Am always some where in the top third. But if I do it in my age group I am normally in the top ten. But you need premium strava to check that. This is a screenshot of a 3 mile segment.


----------



## Justinslow (19 May 2016)

I think you have to remember being the fastest is only one perameter, its much more important -
Being the most stylish
Looking fast
Looking like you know how to ride a bike
Filling your pockets on the back of your jersey with loads of stuff particularly bananas sticking out so it looks like you've ridden a long way
And having the best kit obviously


----------



## User33236 (19 May 2016)

My lowest is 44947th out of 54220 on a segment during Ride London where there was too much 'traffic' to do much about it. My best is 3rd out of 601 on an uphill segment not far from work.

Will never be a KOM but happy to see my own times improve albeit slowly,


----------



## Firestorm (19 May 2016)

I am currently only using Strava to upload my routes. As my routes are changing its good to gauge how I am going as the rides get a little longer.
On various segments I was faster one week than the previous (first time I had gone that way) yet my overall speed was slower and I had gone further. But that would be down to encountering a strange beast, a hill in southeast Essex.


----------



## nickyboy (19 May 2016)

I'm sure I've got a couple of climbs where I've stopped at what I thought was the top but was a couple of metres short of the end of the segment. Had a nice rest, something to eat, set off a bit later. I'm very close to last on these, I'll have a look for them when I've got time

Is there a way on Strava to search positions or refine the gazillon segments I've done to find info?


----------



## SavageHoutkop (19 May 2016)

How do you get to see your position in summary? I'm not on premium. I mostly use it to see how fast I personally have gone and how far, and even then I know I'm not a sporty person - all about the data


----------



## rugby bloke (19 May 2016)

Justinslow said:


> I think you have to remember being the fastest is only one perameter, its much more important -
> Being the most stylish
> Looking fast
> Looking like you know how to ride a bike
> ...



Hmmm, still at the bottom when using any of these measures ... apart from perhaps filling my pockets with Jelly Babies.


----------



## Jody (19 May 2016)

rugby bloke said:


> Can any do worse than that ?



There are some road climbs where I am bottom 10% 

7th from bottom with about 3000+ people in the list. Pinch puncture due to rock/rim strike on a DH section in the peaks. Reckon the other 6 either had a major mechanical or broken bones :-S


----------



## Milkfloat (19 May 2016)

SavageHoutkop said:


> How do you get to see your position in summary? I'm not on premium. I mostly use it to see how fast I personally have gone and how far, and even then I know I'm not a sporty person - all about the data



It is not perfect but the free stravisitX plugin for Chrome shows you, plus a whole lot more information that you normally need to be a premium member to see.
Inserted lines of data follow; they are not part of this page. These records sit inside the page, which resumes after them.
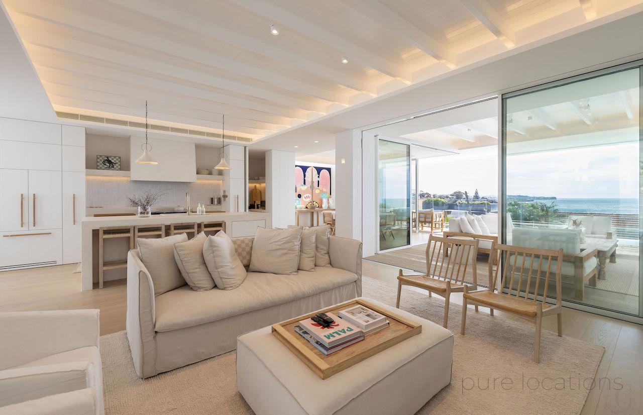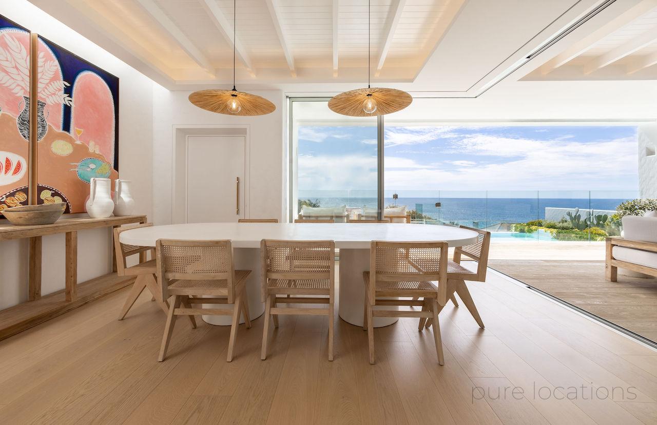 Featuring wooden flooring throughout and plenty of natural light to bounce off the uniquely rendered white walls, Paros creates ideal shooting conditions for any campaign. The dining and outdoor living areas boast expansive ocean views separated by barely there glass sliding doors that provide a seamless transition from outdoors to indoors, further adding to the Grecian aesthetic of the home. The kitchen is expertly equipped with top of the range appliances, including a large double gas top oven, large pendant lighting, plenty of bench space and a rendered range hood.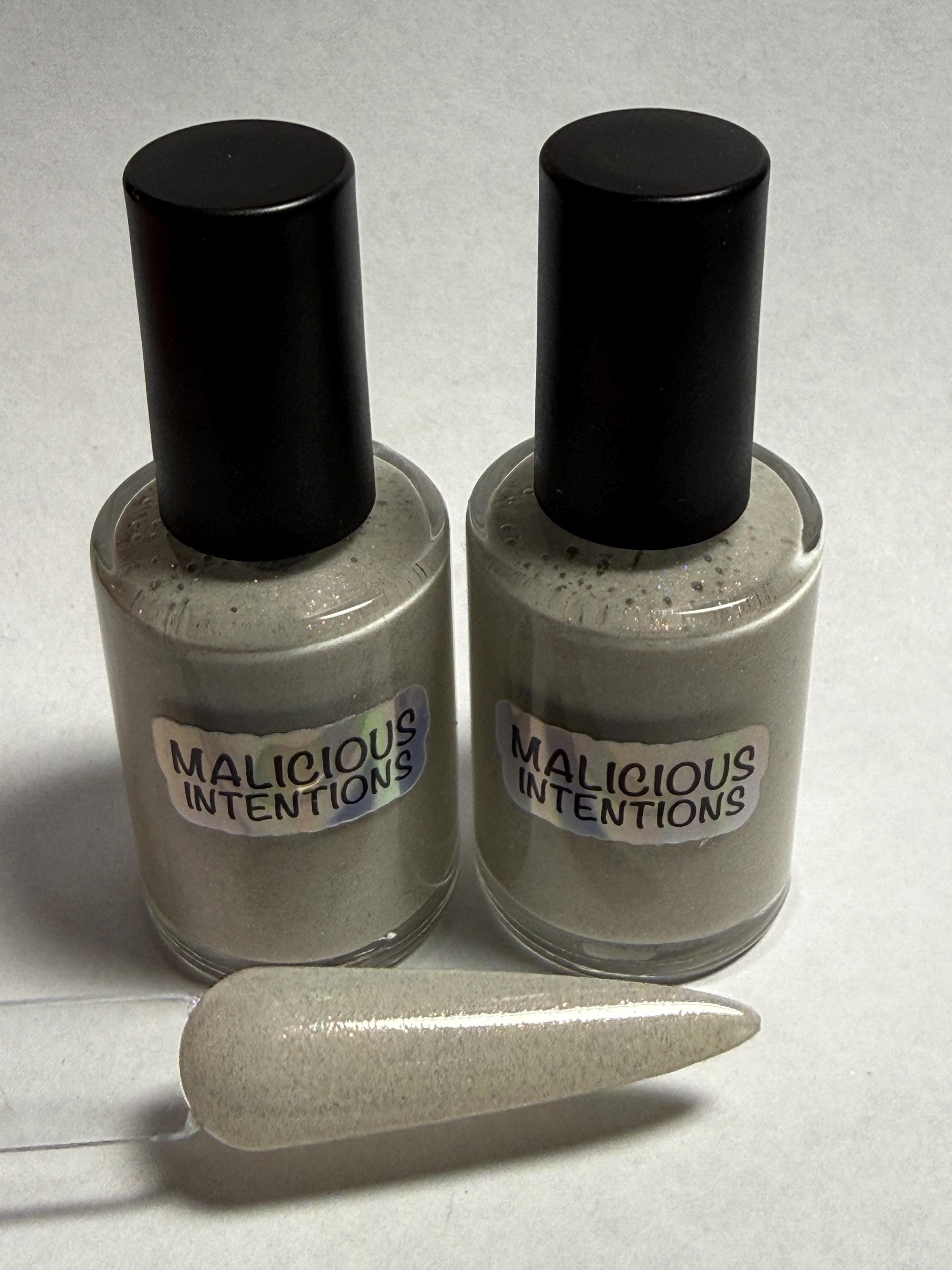 This nail polish comes in either 5 or 15ml bottles and is tough to describe. It starts off with an off white base with a gold flash and then is topped with some dark gold holographic powder.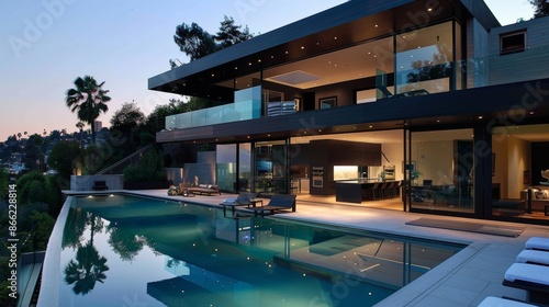 Obraz premium Contemporary home with sleek design, glass walls, and a beautiful pool area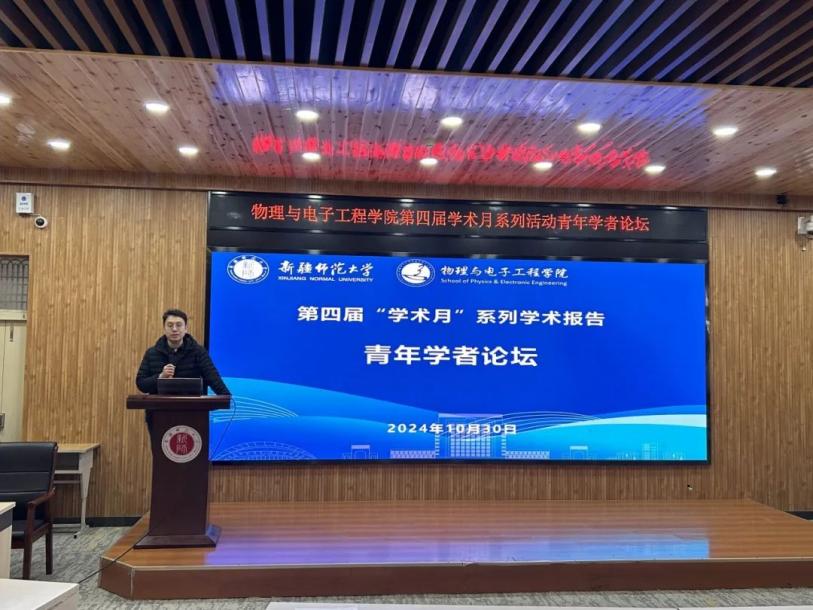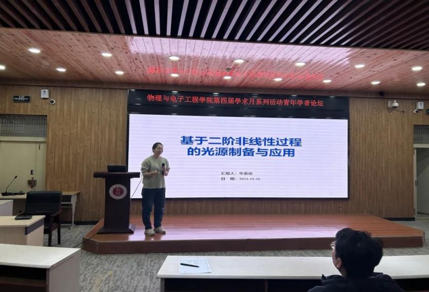 论坛上,学院新入职博士牛素俭、杨楠、马淼淼三位教师分别分享了自己的研究成果。牛素俭作了题为“基于二阶非线性过程的光源制备与应用”的报告,简要阐述了非线性光学效应的基本原理,基于二阶非线性过程的频率转换,提出了一种制备多色激光器的方法,基于三阶准相位匹配倍频实现了高效率的蓝光输出;通过频率上转换,实现了HOM干涉。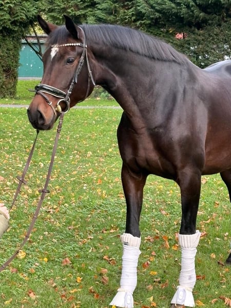 On behalf of a client, we are offering a beautiful 8-year-old, well-built, compact mare for sale. She is stunning, has an excellent conformation, and naturally draws attention wherever she goes. She has three very good gaits, characterized by rhythm and freedom of movement, a lovely, expressive walk with plenty of overtrack, and a fantastic uphill canter. Initially, she was ridden and, due to her quality and pedigree, has been used in breeding. She performed a wonderful job there and has passed on her qualities very well. She is now lightly restarted under saddle and demonstrates excellent rideability, with very smooth, comfortable gaits and a pleasant seat. Unfortunately, due to lack of time and space, we are offering this mare at a favorable price for someone with a smaller budget who is willing to invest in further training. A recent veterinary examination has been carried out and is available. The mare is very herd-friendly and extremely easy to handle. The current video was filmed today, October 22, 2025.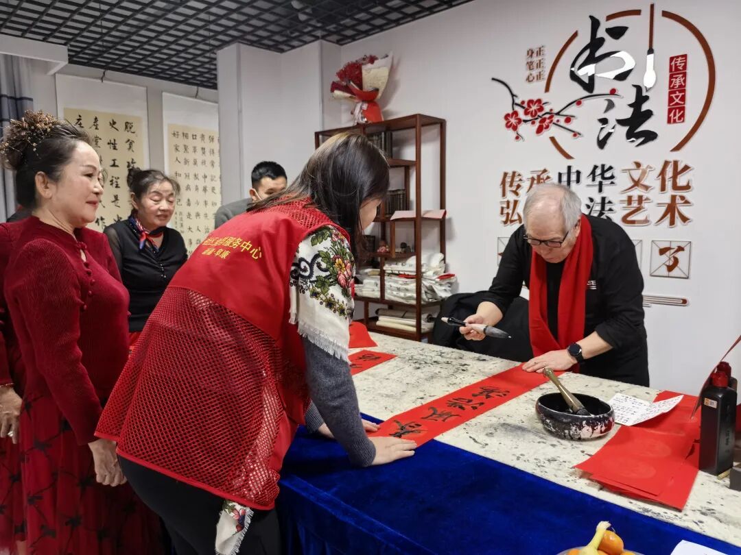 活动现场,书法爱好者现场挥毫泼墨,书写“福”字与春联,将新春的美好祝福凝于笔端,引来在场居民的热情围观,墨香四溢中尽显中华优秀传统文化的魅力。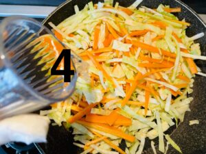 Saltatele per qualche minuto e poi aggiungete un bicchiere d’acqua (4).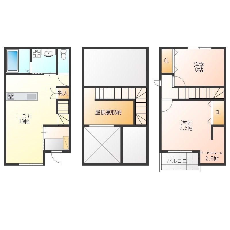 | 間取り詳細 | LDK 13.3畳 、 洋室 7.5畳 、 洋室 6畳 |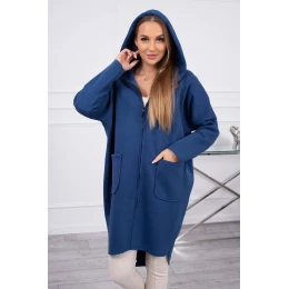 Zateplená mikina na zip s prodlouženým zadním model 18747786 džínovina - K-Fashion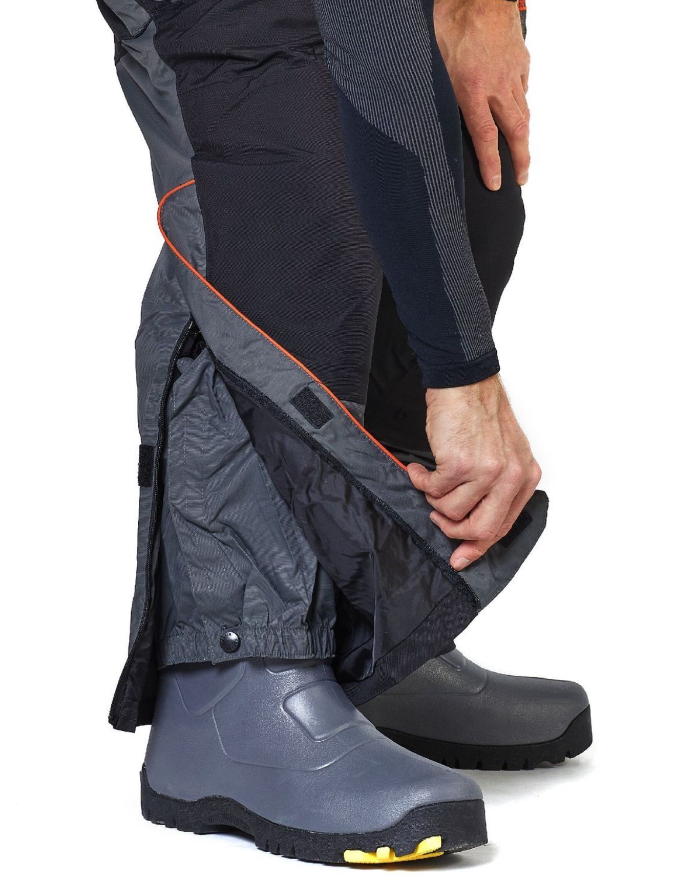 Трикотажні манжети внизу штанин запобігають потраплянню снігу й дозволяють носити костюм навіть із низьким взуттям.

https://chrome.google.com/webstore/detail/stravistix-for-strava


----------



## Crackle (19 May 2016)

Jody said:


> 7th from bottom with about 3000+ people in the list. Pinch puncture due to rock/rim strike on a DH section in the peaks. Reckon the other 6 either had a major mechanical or broken bones :-S


That reminds me. I just looked at a running segment, all participants below a minute apart from the one in last. 1hr 18secs. Must have taken a picnic.


----------



## Jody (19 May 2016)

martinclive said:


> Friend of mine fell off and got 2 KOMs on the way to the hospital in the ambulance!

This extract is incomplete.